New study questions whether toddlers choose to help dogs impulsively
Dog experimenters Fiona, Henry and Seymour. Credit: Duke University

A team of scientists from the U.S. have conducted new research—published in the journal Human-Animal Interactions—which aimed to show whether or not toddlers choose to help dogs impulsively within certain scenarios.

The researchers, in the study entitled "Do children help spontaneously?", found that a sample group of children aged two to three years were twice as likely to help a dog reach a treat or toy when the animal showed interest than if it did not.

Lead scientist Dr. Rachna Reddy, a postdoctoral fellow in at Duke University, and her team, also found that the children were more likely to help the dogs get the out-of-reach items if they already lived with a pet dog, the dogs were livelier and if the item was a treat rather than a toy.

The experiments conducted with three friendly dogs—Fiona, Henry and Seymour—took place at the University of Michigan's child laboratory between 2015 and 2020 and formed part of the research that also involved researchers from the University of Michigan and Stony Brook University in New York.

Dr. Reddy, who is also a research associate in the Department of Human Evolutionary Biology at Harvard University, said, "These findings lend support to our hypothesis that children's early-developing proclivities for goal-reading and prosociality extend beyond humans to other animals."

The scientists recruited 97 toddlers (51 girls and 46 boys) aged between 20 and 47 months from middle-class families in and around the city of Ann Arbor, Michigan, and surrounding towns. The majority of the children were white (71%) while the rest identified as either multiracial, black or African-American, Latino, or Asian. Forty-four children had dogs at home and 53 did not.

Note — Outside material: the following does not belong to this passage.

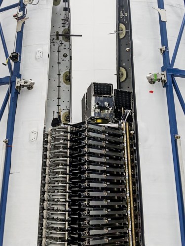 A view of the Starlink and SkySat satellites before being enclosed in the nosecone fairings:

It was revealed that the toddlers gave dogs out-of-reach treats and toys in 50% of all events where dogs attempted to access these items themselves. In contrast, children offered dogs objects that dogs ignored only half as often, on only 26% of occasions.

As expected, the researchers say, having a dog at home, the dog being highly engaged, and the out-of-reach object being food rather than a toy also increased the children's likelihood of giving dogs objects on an event-by-event basis.

Dr. Reddy added, "From several perspectives, children's proclivities to attribute desires and goals to pet dogs during real-life, in-person interactions is unsurprising.

"However, we observed as early as two years of age, children behave in ways showing they are not only able to read the goal-directed behavior of another animal but can and do employ that knowledge to help an animal reach its own goal.

"In addition to informing us about childhood helping, these early child behaviors may have important evolutionary significance."

Dr. Reddy and the scientists suggest that future research will be necessary to examine additional psychological components of inter-specific instrumental helping, including the emotions that underlie 's motivation to help dogs, how these motivations as well as cognitive attributions are shaped by culture, and how all of the preceding processes change throughout development.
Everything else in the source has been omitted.